» **Exercise instructions**:
For every record beneath this instruction, give an exact repetition, omitting images.

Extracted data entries
********
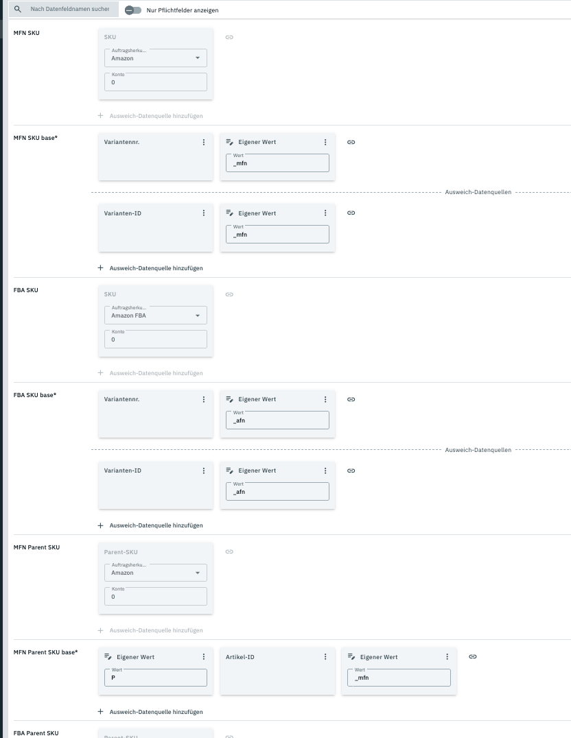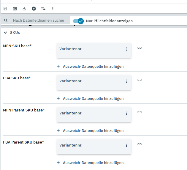 Du gibst ja nur ein, was Plenty für Felder für die SKUs nutzen soll, wenn es noch keine SKU/ ParentSKU gibt.
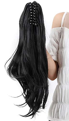 Coda di Cavallo Clip in Hair Extensions Capelli Parrucchino Extension Clip Capelli Veri Claw on Ponytail 45cm Ondulato Nero scuro
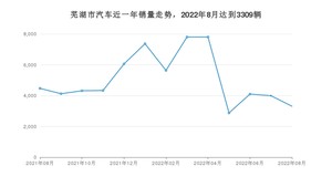 2022年8月,芜湖市汽车总销量为3309辆,同比下降25.97%,环比下降17.13%。2021年08月-2022年08月份,芜湖市总销量为66189辆,同比增长10.6%。在最近1年中,芜湖市销量在2022年03月达到最高,销量为7804辆。
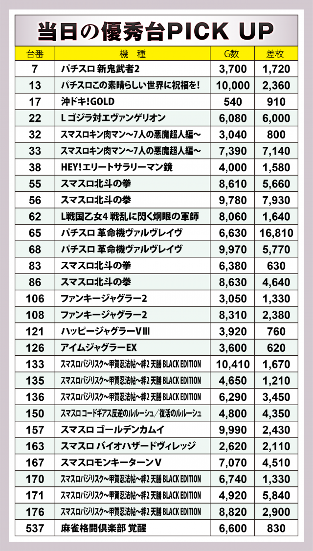 以下、当日の出玉データからハイスコア台の詳細に迫っていこう。
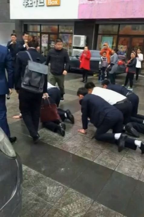 มีคลิปวิดีโอตกเป็นกระแสวิพากษ์วิจารณ์หนักในหมู่ชาวเน็ตแดนมังกรอีกแล้ว หลังปรากฏเป็นภาพของพนักงานซึ่งล้วนยังอยู่ในวัยหนุ่มสาวร่วม 10 คน ลงคลานสี่ขาไปกับพื้นถนน ซึ่งเว็บไซต์เซี่ยงไฮ้อิสต์ เปิดเผยในรายงานวันที่ 8 เมษายน 2559 ว่า ที่เห็นนี้เป็นพนักงานขายของบริษัทสินเชื่อรถยนต์แห่งหนึ่งในเมืองจี๋หลิน โดยเหตุการณ์เกิดขึ้นเมื่อช่วงบ่ายของวันที่ 2 เมษายนที่ผ่านมา
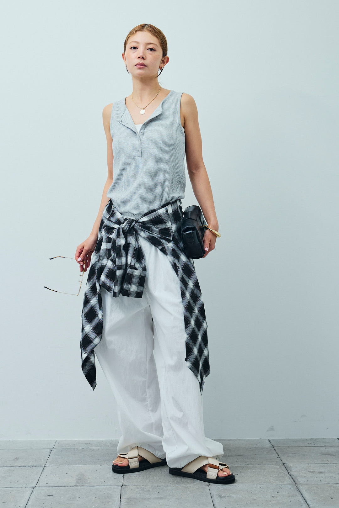 [予約/SET]セルフカットリブヘンリーネックノースリーブトップス+オンブレチェックオーバーとろみシャツ+裾ドロストナイロンパンツ(3set)
********
» **Task response**:
 Du gibst ja nur ein, was Plenty für Felder für die SKUs nutzen soll, wenn es noch keine SKU/ ParentSKU gibt.
 Coda di Cavallo Clip in Hair Extensions Capelli Parrucchino Extension Clip Capelli Veri Claw on Ponytail 45cm Ondulato Nero scuro
 2022年8月,芜湖市汽车总销量为3309辆,同比下降25.97%,环比下降17.13%。2021年08月-2022年08月份,芜湖市总销量为66189辆,同比增长10.6%。在最近1年中,芜湖市销量在2022年03月达到最高,销量为7804辆。
 以下、当日の出玉データからハイスコア台の詳細に迫っていこう。
 มีคลิปวิดีโอตกเป็นกระแสวิพากษ์วิจารณ์หนักในหมู่ชาวเน็ตแดนมังกรอีกแล้ว หลังปรากฏเป็นภาพของพนักงานซึ่งล้วนยังอยู่ในวัยหนุ่มสาวร่วม 10 คน ลงคลานสี่ขาไปกับพื้นถนน ซึ่งเว็บไซต์เซี่ยงไฮ้อิสต์ เปิดเผยในรายงานวันที่ 8 เมษายน 2559 ว่า ที่เห็นนี้เป็นพนักงานขายของบริษัทสินเชื่อรถยนต์แห่งหนึ่งในเมืองจี๋หลิน โดยเหตุการณ์เกิดขึ้นเมื่อช่วงบ่ายของวันที่ 2 เมษายนที่ผ่านมา
 [予約/SET]セルフカットリブヘンリーネックノースリーブトップス+オンブレチェックオーバーとろみシャツ+裾ドロストナイロンパンツ(3set)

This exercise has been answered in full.